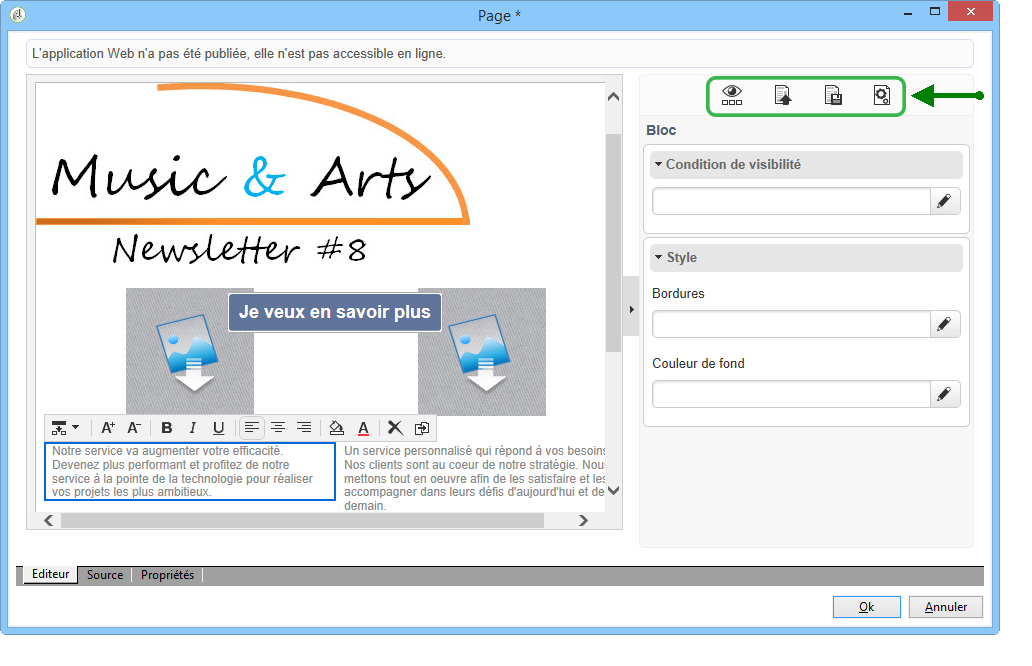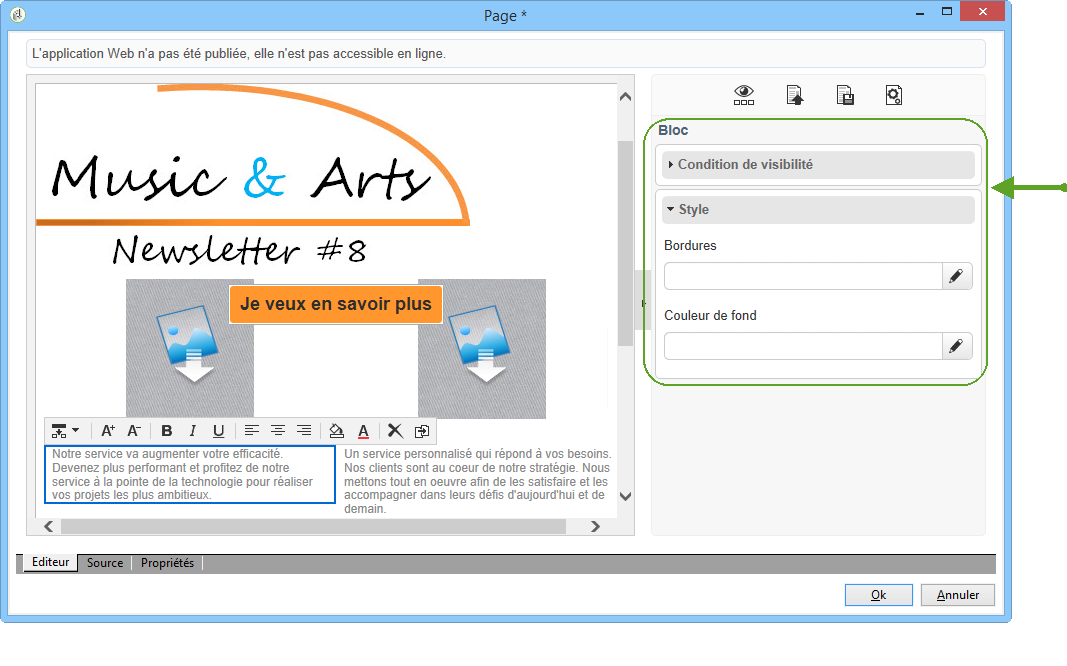 La section droite de la fenêtre est la zone de contrôle du rendu. Elle regroupe les différentes options de l'éditeur, notamment celles liées aux paramètres de l'entête de la page et aux options générales associées à un bloc : ajouter une bordure, associer un champ de la base à une zone de saisie, accéder aux propriétés de la page Web, etc. Voir à ce propos les sections Options globales et Editer le contenu.
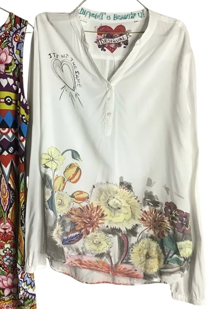 One for you and 1 for a friend. Italian designer wear art dress and a tunic. Both wear to your next party. Pop art designs! This beautiful Desigual Brigitte dress bundle is a must-have for any fashion-forward woman. The dress and tunic top both feature a stunning floral pattern and come in sizes medium and extra large. The neckline of the dress is both round and V-shaped, making it versatile for any occasion. You can wear this dress and tunic top to a party or cocktail event, as well as for casual outings or while traveling. They are machine washable, ensuring easy care and maintenance. The white color and sleeveless/long sleeve options add to their appeal. This Desigual dress bundle is perfect for the summer, fall, and spring seasons.
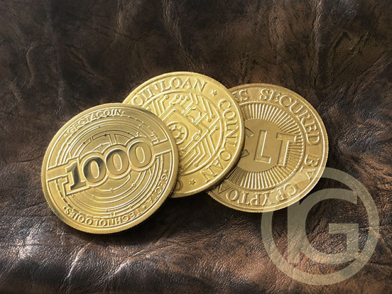 Памятные, сувенирные монеты - криптовалюта - крипто монеты "CLT", производство монет выполнено под заказ, метод изготовления монет - двухстороннее травление.
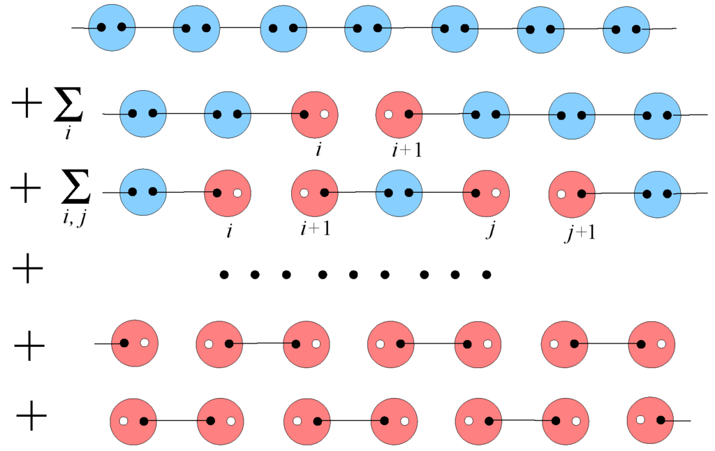where implies that the product is taken over all nearest-neighbor bonds, , and denotes the vacuum of the Schwinger bosons. From (), it is obvious that the state Equation (29) is spin-singlet. As z bonds emanate from each site of the lattice (for instance, is for 1D chain and for D-dimensional hypercubic lattice), we have Schwinger bosons per site in the VBS state (29):
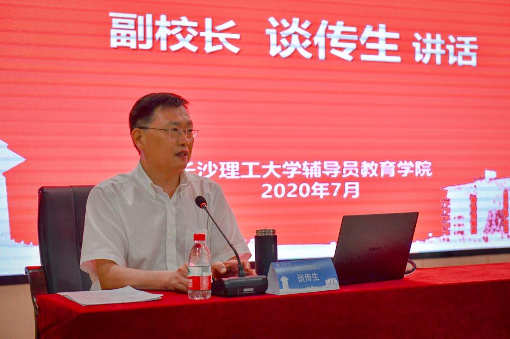 谈传生对近年来学生工作取得的成绩进行了肯定,从学工干部要力戒形式主义,做到信念坚定、保持定力、表里如一;要创新大学生思想政治教育的理念和方法;要落实立德树人根本任务,践行三全育人,要解决学生的信念问题,深刻理解立德树人和“三全育人”的内涵,要把握全员、全程、全方位的关键;要构建科学合理的机制体制,用好主渠道、主力军等方面阐述了如何推动学生工作内涵发展。

* What to do:
Word for word, print the material above, but without its pictures.

* Answer box:
 La section droite de la fenêtre est la zone de contrôle du rendu. Elle regroupe les différentes options de l'éditeur, notamment celles liées aux paramètres de l'entête de la page et aux options générales associées à un bloc : ajouter une bordure, associer un champ de la base à une zone de saisie, accéder aux propriétés de la page Web, etc. Voir à ce propos les sections Options globales et Editer le contenu.
 One for you and 1 for a friend. Italian designer wear art dress and a tunic. Both wear to your next party. Pop art designs! This beautiful Desigual Brigitte dress bundle is a must-have for any fashion-forward woman. The dress and tunic top both feature a stunning floral pattern and come in sizes medium and extra large. The neckline of the dress is both round and V-shaped, making it versatile for any occasion. You can wear this dress and tunic top to a party or cocktail event, as well as for casual outings or while traveling. They are machine washable, ensuring easy care and maintenance. The white color and sleeveless/long sleeve options add to their appeal. This Desigual dress bundle is perfect for the summer, fall, and spring seasons.
 Памятные, сувенирные монеты - криптовалюта - крипто монеты "CLT", производство монет выполнено под заказ, метод изготовления монет - двухстороннее травление.
where implies that the product is taken over all nearest-neighbor bonds, , and denotes the vacuum of the Schwinger bosons. From (), it is obvious that the state Equation (29) is spin-singlet. As z bonds emanate from each site of the lattice (for instance, is for 1D chain and for D-dimensional hypercubic lattice), we have Schwinger bosons per site in the VBS state (29):
 谈传生对近年来学生工作取得的成绩进行了肯定,从学工干部要力戒形式主义,做到信念坚定、保持定力、表里如一;要创新大学生思想政治教育的理念和方法;要落实立德树人根本任务,践行三全育人,要解决学生的信念问题,深刻理解立德树人和“三全育人”的内涵,要把握全员、全程、全方位的关键;要构建科学合理的机制体制,用好主渠道、主力军等方面阐述了如何推动学生工作内涵发展。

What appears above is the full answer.